When it comes to working out, we do our best with the time and resources we have. But between careers, maintaining a social life, household chores and everyday life, sometimes working out falls to the wayside, no matter how hard we try or where we are in our workout routines.
Whether you’re someone who has been working out every day for years, exercise a couple of times a month or are just starting to get into your fitness groove, working out at home can often be just as effective as a traditional workout class. While Caitlin Peterson, an instructor at The Barre Code, believes there is something to be said about having a set class time to make you accountable for getting a workout in, you can complement your gym or class time with at home workouts. For example, if you’re running outside or doing cardio classes, try adding classes with free weights—or even do some at home.
Even if you don’t have free weights or other commonly used exercise props, it’s likely you have some alternative props in your own home. We talked to ClassPass instructors, who suggested some items you probably have at home that you can use for working out when you can’t make it to class.
A towel is a favorite prop of Courtney Enright, director of Yoga and a Yoga Instructor at Studio Three. It’s great for core activation and can even be used for stretching both at home and in the studio.
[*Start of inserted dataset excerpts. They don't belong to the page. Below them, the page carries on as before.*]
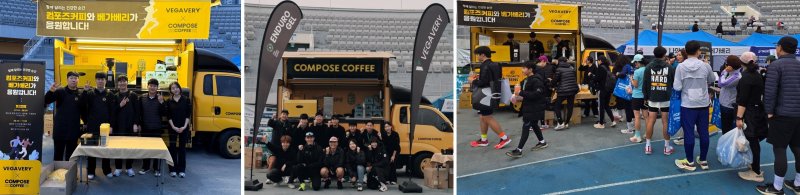 컴포즈커피는 베가베리와의 협업으로 행사장 내 커피트럭을 지원하고, 대회 참가자와 관계자들에게 커피 음료를 무료로 제공하며 대회 열기를 더욱 뜨겁게 달궜다. 자신의 한계를 뛰어넘는 참가자들의 도전정신을 응원하는 의미에서 아메리카노, 레몬에이드, 자몽에이드 등 컴포즈커피의 인기 음료를 무료로 제공했다.
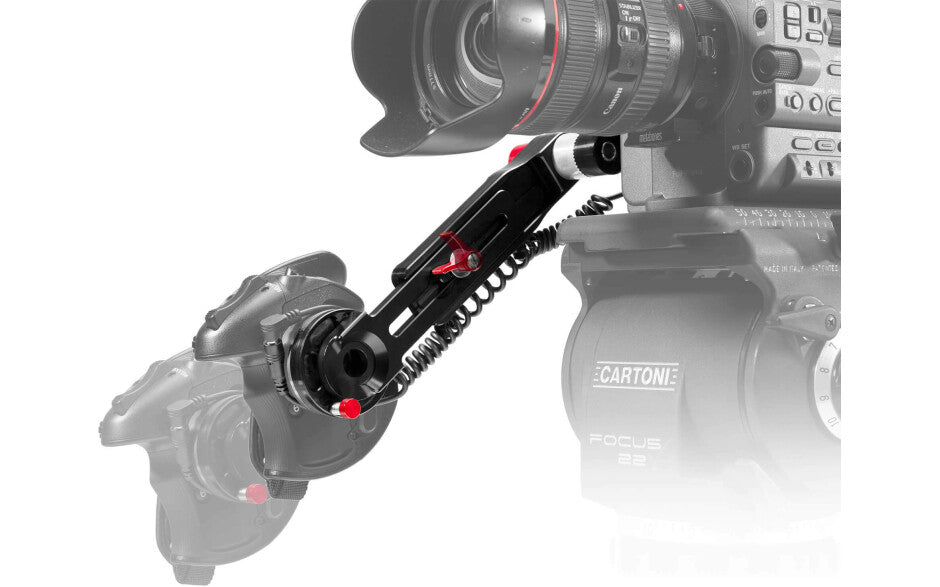Compact pour le stockage et le voyage, le bras ne mesure que 14cm lorsqu’il est plié. Il peut être étendu à une longueur maximale de 28cm lors de son utilisation. L’extension se monte facilement sur la FX6 à l’aide d’une rosette de style ARRI (non inclus) ainsi que d’une vis knob d’un côté et d’une connexion de poignée Sony native de l’autre.
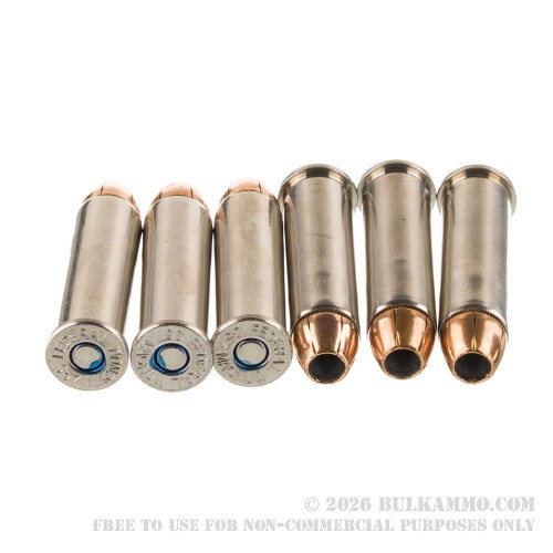 These rounds will strike a 25-yard target with 540 ft lbs kinetic energy when fired in a handgun with a 4” barrel. Whether you use it for defense or hunting, you can take added assurance that the ammo’s nickel-plated brass cases are shielded against tarnishing and smooth enough to reduce friction during feeding and extraction.
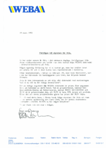 Vid ett avstämningsmöte, februari -93, på Arlas huvudkontor i Stockholm med Lennart Lindgren och Gösta Milan fick vi beskedet att: ”nu har ni fått chansen och tyvärr – det fungerade inte….”. Det var nästan pinsamt vilket iscensatt taskspel man bedrev. Våra argument om en försäljning av 7 ton diskmedel på några veckar för en ny produkt inom Arla fick Lennart Lindgren att svänga. Det gjorde Gösta Milan osäker….(för de hade ju kommit överens om att avsluta samarbetet med WEBA). Gösta började gruffa med Lennart, men det var Lennart som bestämde. Det bestämdes att WEBAs diskmedel skulle ingå i Arla-butikernas sortiment.

Take two towels—any kind or size will work (or use a blanket if you don’t have any towels you’re willing to use)—and place one under each foot. Come into a plank position, then draw your knees to your chest. For a more challenging move, Enright suggests moving into a pike position.
A textbook or shoe box
If you’re practicing yoga at home, find two items that are the same height, such as shoe boxes or textbooks. “These items are good if you feel the floor is a little bit too far away and you’re hurting your posture or your breathing,” Enright says. “Bring it under the palm that’s supposed to meet the ground.”
For a strength workout, you can squeeze a book in between your inner thighs if you’re doing push-ups or planks to activate your muscles. If you’re doing a chair pose or a wall sit, squeeze the book between your hands to help activate your core and arm muscles.
A heavy backpack
Speaking of textbooks, Katie Lyons, Pilates instructor at Lagree Fitness Studio and PLATEFIT, suggests filling a backpack with heavy books to create a weight. You can hold the bag in your hand and do single arms rows. Alternate which hand you hold the bag in, so each side gets an equal rowing workout.
For a bicep workout, you can try using a lighter bag, like a woman’s purse, for single arm bicep curls. If you don’t think your purse is heavy enough, you might be surprised. Lyons says hers weighs at least 10 pounds!
An elevated surface (like a chair, bench or the couch)
Lounging on the couch is fun and relaxing, but lunging on the couch counts as a quick workout. Enright says there are multiple at-home exercises you can do using the couch or any other sturdy, elevated surface in your home. For starters, you can do split squat lunges by bringing one foot forward and one behind you on the elevated surface and squatting down. Repeat this move a few times, alternating between sides.
You can also use the couch or an elevated surface for pushups. If you’re comfortable doing pushups on the ground, that’s great! But you can turn to the couch to make this exercise a bit more challenging or easier. If you’re still getting the hang of pushups, you can place your hands on the couch, with your feet on the ground. If you’re looking to make pushups more challenging, put your feet on the elevated surface and your hands on the floor.
Lyons recommends using the edge of the couch for tricep dips. To make this move more challenging, try doing tricep dips with fully extended, straight legs, instead of keeping them at 90 degrees.
A pillow is great for an ab workout like a jack knife. “Come into a full-body stretch so your arms and legs are extended and hold the pillow in your hands overhead. Transfer the pillow between your limbs by bringing your hands to meet your feet in the middle, transfer the pillow to your legs, lower them, and then bring the pillow back up to your arms and repeat,” says Enright. Try to keep your arms and legs as straight as possible for an added challenge!
A bag of flour
If you have a bag of flour in your kitchen, you can use it in place of a kettlebell, says Lyons. Try doing squat reps while holding the bag of flour into your chest. Other moves you can do with the flour include overhead presses and the “serving the platter” motion.
No props—just your body
“Truthfully, a person can get an awesome workout in without any weights or props,” says Peterson. If you’re looking to get in a quick workout at home, you can do a short HIIT workout with your own body weight. Work up a sweat with jumping jacks, burpees, lunges, skaters or anything to get your heart rate up.” Try three or four rounds of these or similar moves for 60 seconds with a 10-second break in between rounds.